To date, there are several channels that patients like Abigail Burroughs might consider. The FDA updated the policies in 2009 (and as recently as May 2013 provided draft guidance on their implementation [12]). There are currently three possible channels for expanded access for patients. (1) The FDA allows expanded access on a case-by-case basis for individual patients if the probable risk of ill effects from the drug is not greater than the probable risk posed by the disease and if the patient cannot gain access to the drug in other ways. A drug sponsor or physician must file the paperwork to open this channel [13]. (2) Small groups of patients can gain access to experimental therapies if they do not qualify for an experimental trial and there is sufficient evidence of experimental therapy’s safety and efficacy [14]. (3) Lastly, larger groups may gain access to the drug once it has passed phase III (or rarely, with strong evidence of safety and effectiveness, phase II) and the sponsor is seeking marketing approval [15]. These channels have been critiqued as slow and burdensome for patients.
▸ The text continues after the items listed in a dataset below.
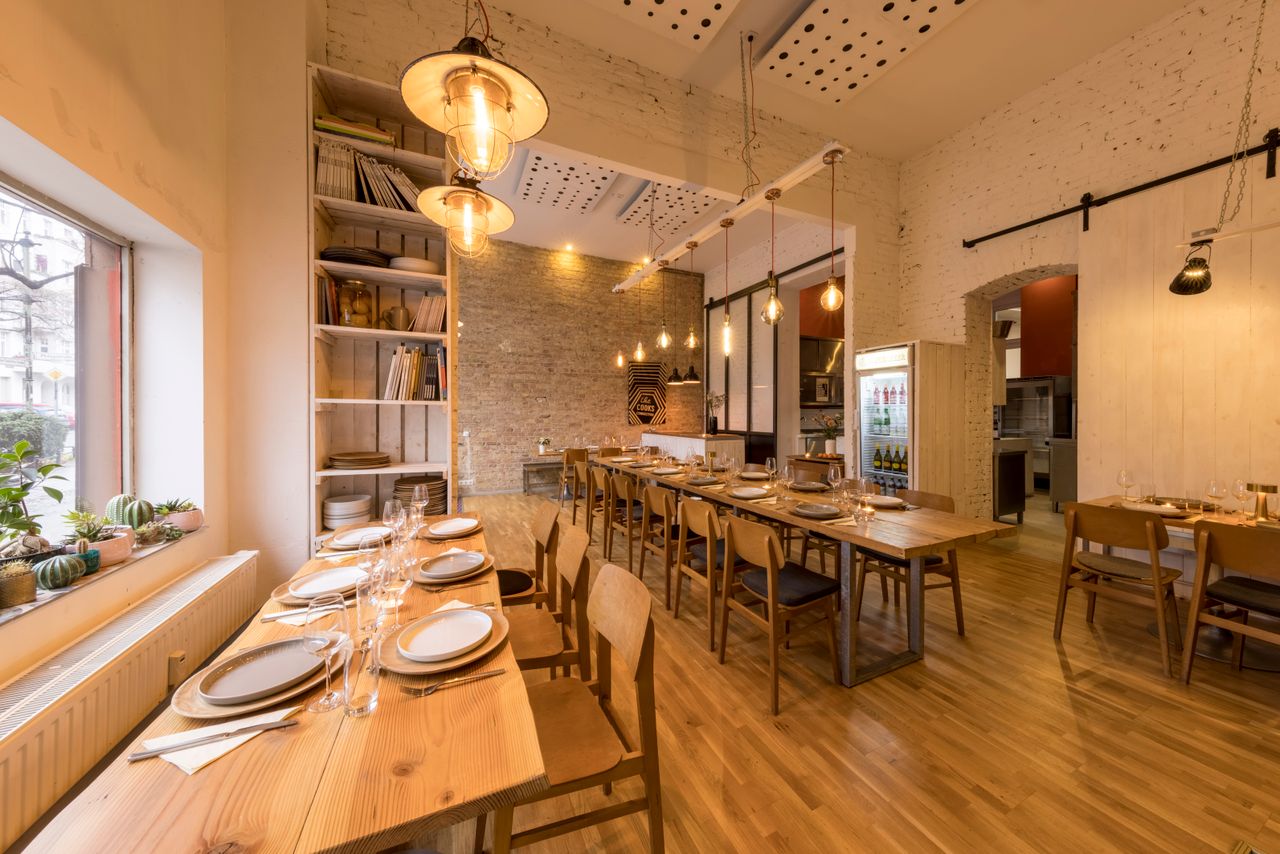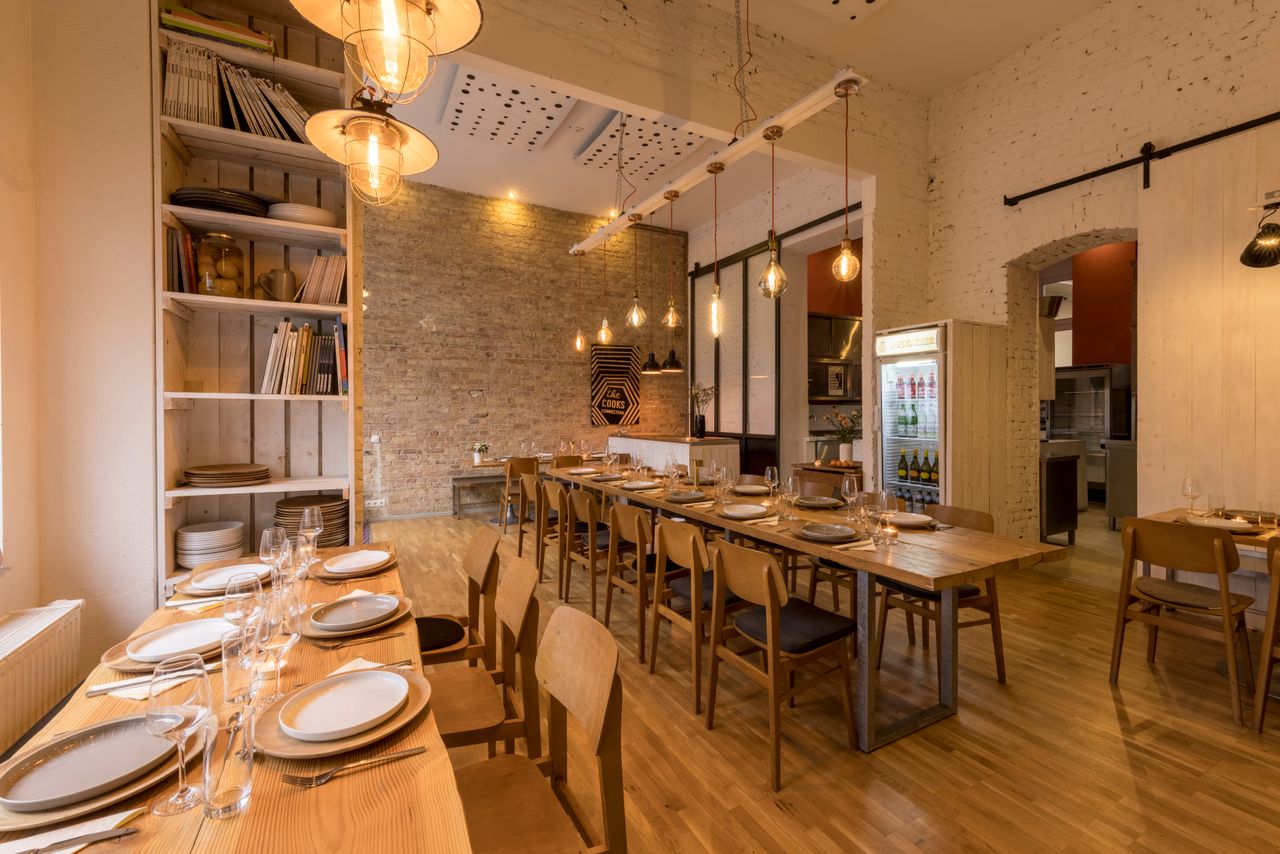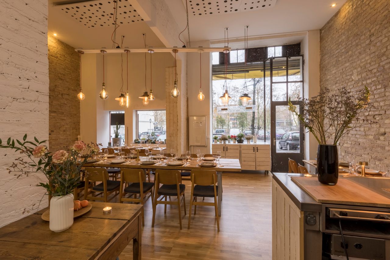 Die Location ist eine Eventlocation vor allem für Kochkurse und Kochevents. Es gibt einen großen Durchgang zur Küche vom Gastraum aus. Die Küche ist mit mehreren Herden und einer Geschirrspülmaschine ausgestattet. Es gibt einen großen Kühlschrank für Lebensmittel mit Glastür und einen weiteren im Gastraum für Getränke. Die Raumhöhe ist 4,15m.Es gibt ein großes Schaufenster zur Strasse.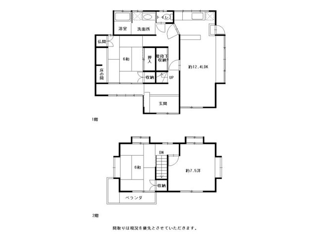 間取り | 2F)7.5洋・6和・ベランダ 1F)6和・12.4LDK | |||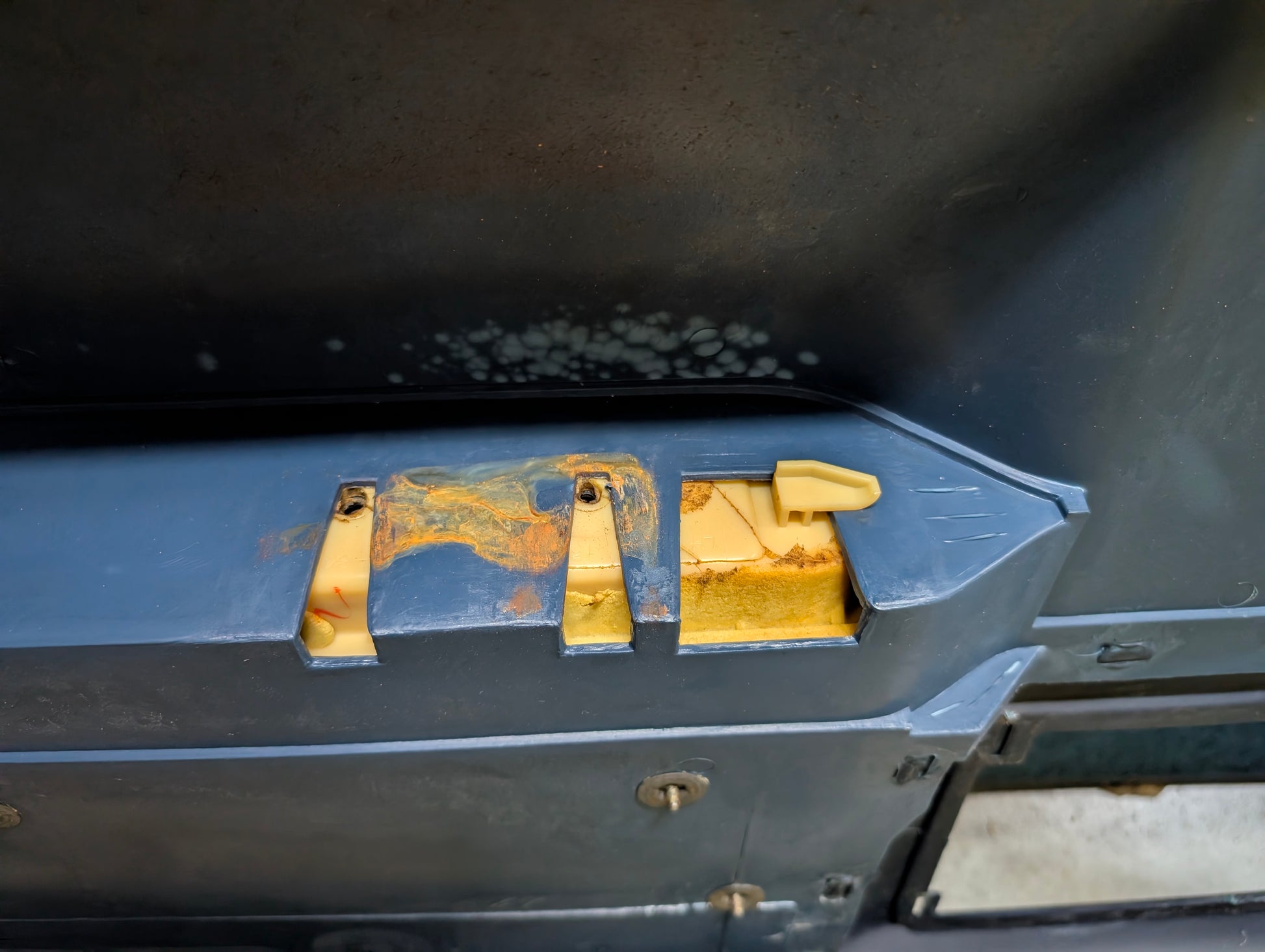 In good used condition. Some typical wear - scuffs, markings, cloth is a bit worn on-top, and armrest mounts are not all solid, but only some fading and the panel overall cleans up great.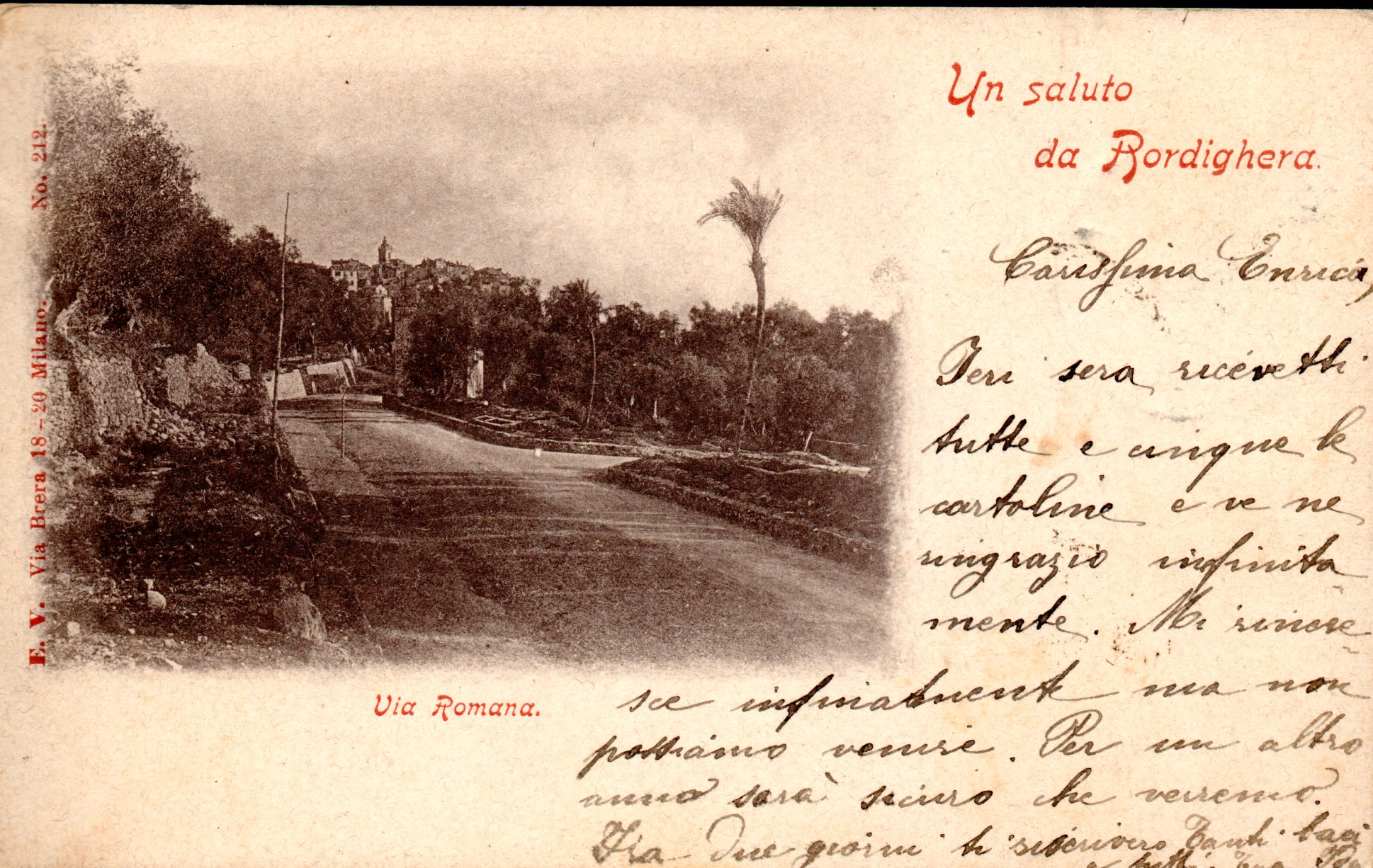 Cartolina viaggiata in data 23 settembre 1900. Bordighera, la via Romana. Ed. F. V. Milano Alb.2 Sc.4 P.5

The FDA sometimes defers decisions on these requests until there is greater knowledge of the safety and effectiveness of drugs, which can be too slow a process for some patients [4, 9]. In 2011, approximately 1,200 patients received some form of early access under FDA’s compassionate use channels [16].

This issue, despite prior legislation and the ongoing development of FDA rules, continues to be presented before the courts. There was, for example, a 2008 case in the Third Circuit Court of Appeals in which a pharmaceutical company was held not to have an obligation to provide a promising treatment in phase II studies to a patient with Duchenne muscular dystrophy [17]. Ongoing innovation and development in medicine is bound to increase the tension over how early to provide access to non-FDA-approved drugs to patients who have no other treatment options available.